Monday, March 06, 2006

I read that Netanyahu and Sharon had a disagreement, which led to a decision not being taken about a response to Iran's developing nuclear weapon. It seems like here in the U.S. we have devloped a posture of putting our heads in the sand and hoping that if worst comes to worst our butts will only fell a litle toastier than they do now. Maybe I should check the Church calendar and see if there are any novenas for special ops; praying to do something would be a start. Would be curious if Nathalie in Israel has any comments on the aforementoned issue with the Israeli leadership.
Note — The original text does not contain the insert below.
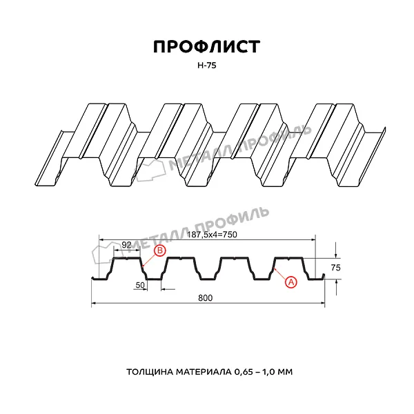Профлист МЕТАЛЛ ПРОФИЛЬ Н-75x750-B (ПЭ-01-7004-0,8) часто используется для монтажа профилированного листа. Представляет собой стальной оцинкованный лист с покрытием. Толщина металла с цинковым и полимерным покрытием — 0.8 мм. После проката на специальном оборудовании металл приобретает рисунок из ритмичных волн. Несущая способность такого листа на порядок выше плоского.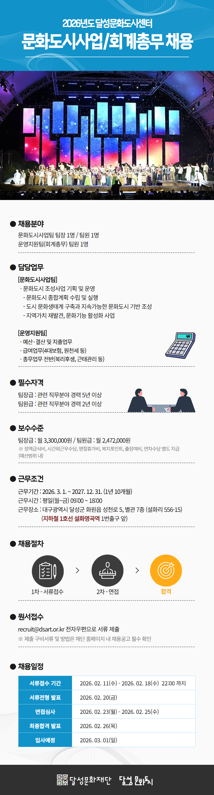 [달성문화재단] 달성문화도시센터 문화도시사업팀장, 팀원 및 회계총무 팀원 채용공고

The NY Times has a somewhat reassuring article on the Iranian bomb. Maybe the Israelis could, using Saatchi as a go beween, negotiate with Hamas. The basics of the deal would be that Israel could abolish it's name, thus 'ceasing to exist,' and change it's name in Arabic, to 'the Canary in the Coal Mine.' Hamas would accept this as total settlement of all claims, words and pictures being of utmost importance to Allah. I think the canary would be kind of cute on F16s. 'Float like a buttefly; sting like a ..' Ferlinghetti would be so pleased with demonstrations too; 'Death to the canary in the coal mine' could be Gregorian and absurd. Amadinehad saying he is going to 'wipe the canary off the map' has a nice childish touch.

Thursday, March 02, 2006

The word hippie seems to be a conflation of 'on the hip,' referring to the posture of the opium smoker, and the West African Wolof language word 'hipicat' referring to 'someone with their eyes wide open.' Then, positively it would be someone aware of what's going on but also a good description for someone drugged. Is there an etymologist in the house? One with a cool picture and who can also explain 'chick.' Cool. Maybe we can get her to explain more words.